UBS on Tuesday downgraded the U.S. Information Technology sector to neutral, signaling a more cautious stance after a short-term rally in tech shares. The note, headed by the bank's Global Wealth Management Chief Investment Officer, Mark Haefele, said the S&P 500 IT sector has jumped about 6 percent over the last two trading sessions, but that headline strength masks rising risks.
Central to UBS's concern is hyperscaler investment. The bank estimated hyperscaler capital expenditure could amount to $700 billion this year - "a more than fourfold increase over three years" - and warned that this level of spending now "consume almost 100% of hyperscalers' cash flow from operations." UBS suggested that investor doubts about the durability of that spending may weigh on sentiment, particularly given that more of the outlays are being financed through debt or equity rather than internal cash generation.

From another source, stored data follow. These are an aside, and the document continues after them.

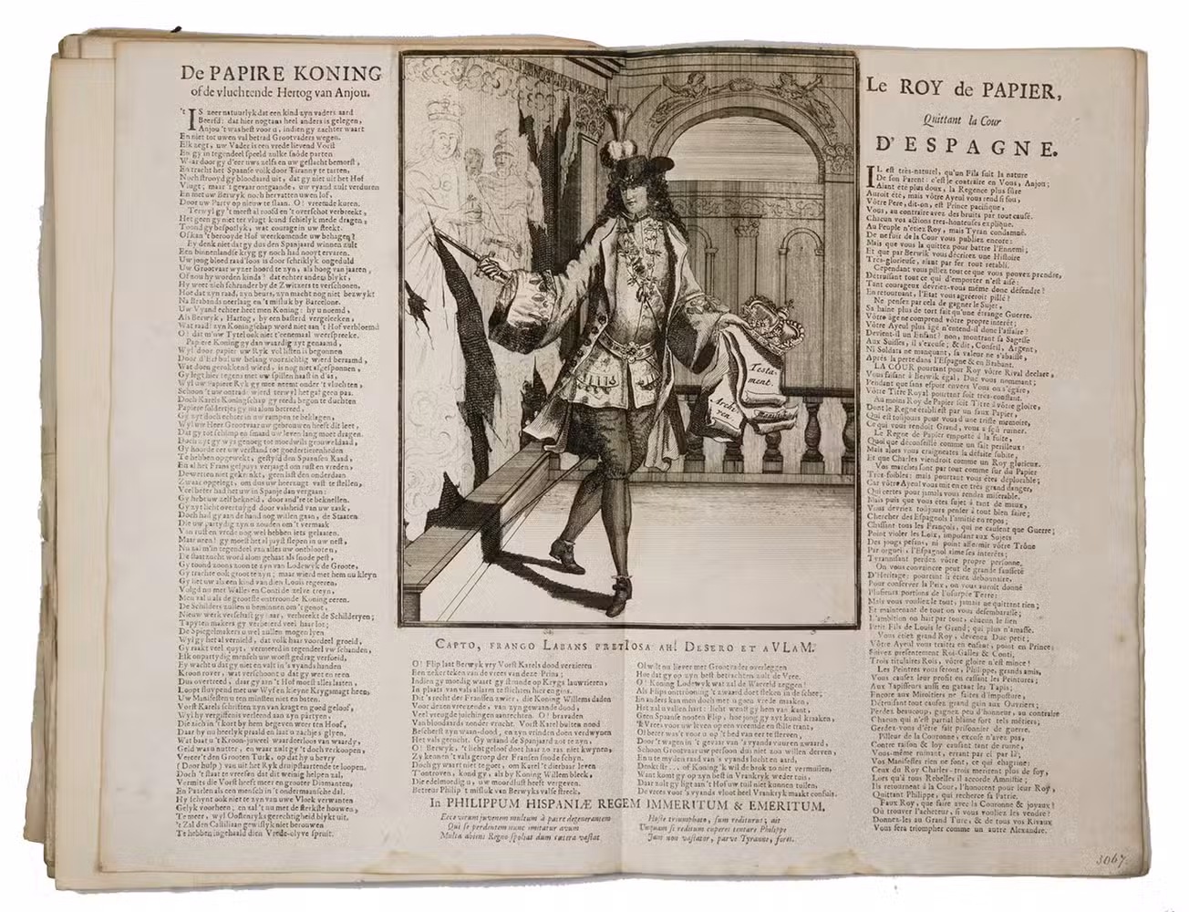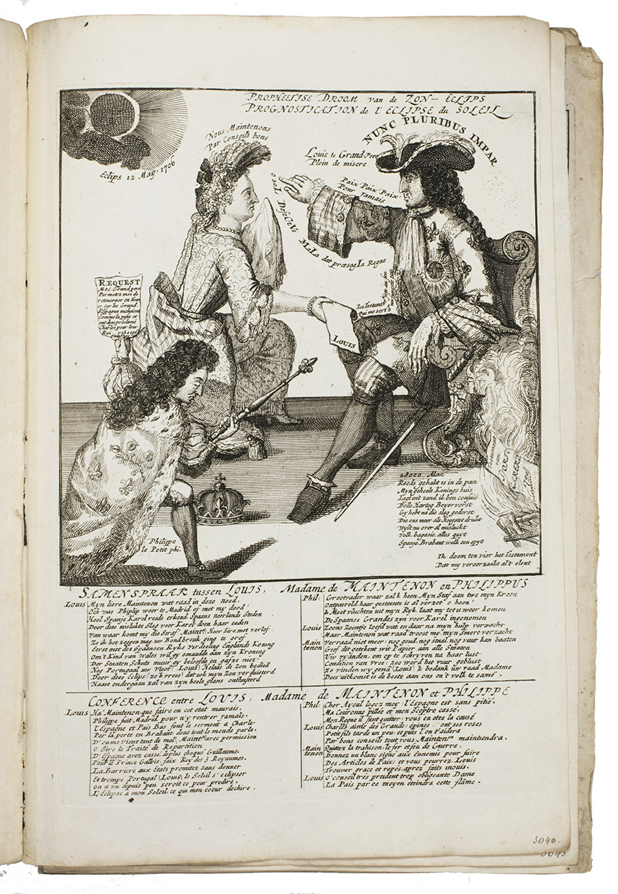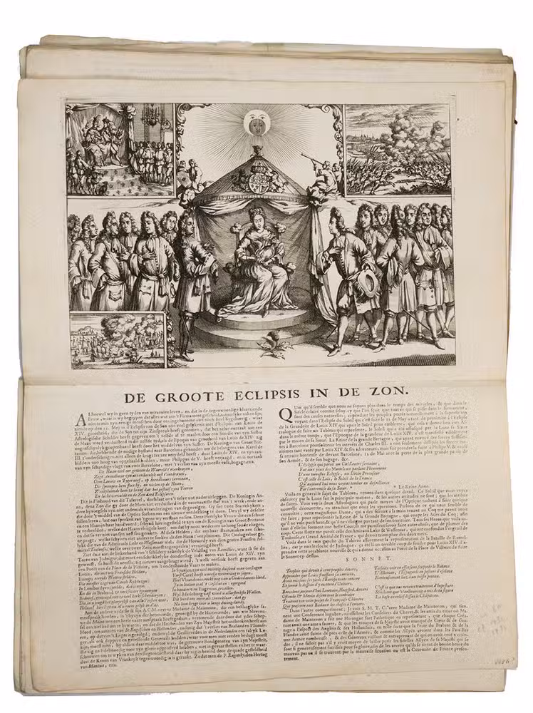 Extremely rare complete emblematic print series (plus alternative versions of several prints) mercilessly satirizing and ridiculing King Louis XIV of France, his grandson King Philip V of Spain, the Marquise de Maintenon (whom Louis XIV had secretly married after she had been his mistress for years), many others in Louis XIV's court and his allies in the War of the Spanish Succession (1700/01-1714). Most prints, like the title-page, have texts in both Dutch and French. The title and many of the prints gleefully note the total eclipse of the sun that occurred on 12 May 1706, supposedly the day Philip V abandoned his siege of Barcelona (which had been taken by the British six months earlier), presenting it as the total eclipse of the Sun King.
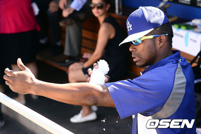 1일(한국시간) 미국 캘리포니아주 로스앤젤레스 다저스타디움에서 열리는 '2014 메이저리그' LA 다저스와 애틀란타 브레이브스의 경기에 앞서 다저스 푸이그가 얼음을 가지고 장난을 치고 있다.
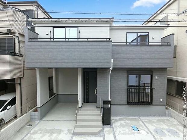 • モダンな印象の外観が魅力的で、中央に配置された玄関が印象的な戸建てです。2階バルコニーが目を引くデザインで、落ち着いた色合いが周囲と調和。ゆったりとしたアプローチが開放感を演出しています。
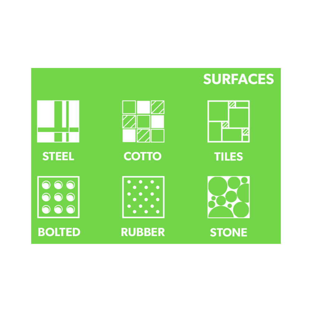 Ideal for surfaces of Cotto, Rubber, Stone, Steel, Tiles.

While UBS expects capex growth to slow from current rates, the bank said that moderation would have mixed effects. A lower growth rate in hyperscaler capex might improve perceptions of the hyperscalers themselves, but UBS cautioned it could be "a potential negative for some companies in the enabling layer," referring to vendors and service providers that have benefited from the hyperscalers' spending surge.
The note also drew attention to persistent uncertainty across the software sector. UBS highlighted the potential for artificial intelligence to alter competitive dynamics, saying AI may "make it easier for competitors to encroach on incumbent software providers." That prospect, the bank said, makes it difficult for investors to take strong conviction on both growth trajectories and future profitability, and that "uncertainty about the outlook could linger for some time."

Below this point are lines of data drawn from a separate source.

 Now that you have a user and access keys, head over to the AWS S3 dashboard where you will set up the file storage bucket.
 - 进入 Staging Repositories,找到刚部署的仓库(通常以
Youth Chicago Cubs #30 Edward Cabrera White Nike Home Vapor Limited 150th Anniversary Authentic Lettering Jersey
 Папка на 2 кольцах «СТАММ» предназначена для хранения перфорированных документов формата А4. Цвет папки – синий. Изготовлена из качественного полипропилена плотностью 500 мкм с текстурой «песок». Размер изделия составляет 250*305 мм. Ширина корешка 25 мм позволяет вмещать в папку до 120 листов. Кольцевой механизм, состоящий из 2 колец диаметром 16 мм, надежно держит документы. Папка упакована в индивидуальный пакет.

Hardware valuations were another focus. UBS pointed to a tech-hardware segment largely influenced by smartphone manufacturers, which has seen robust unit growth. The bank assessed that valuations in this area now "look full," and it warned that smartphone momentum could temper as replacement cycles normalize.
Overall, UBS's shift to neutral reflects a combination of elevated market moves and structural questions about the sustainability of capex-driven growth, the competitive implications of AI for software incumbents, and stretched valuations in parts of the hardware market.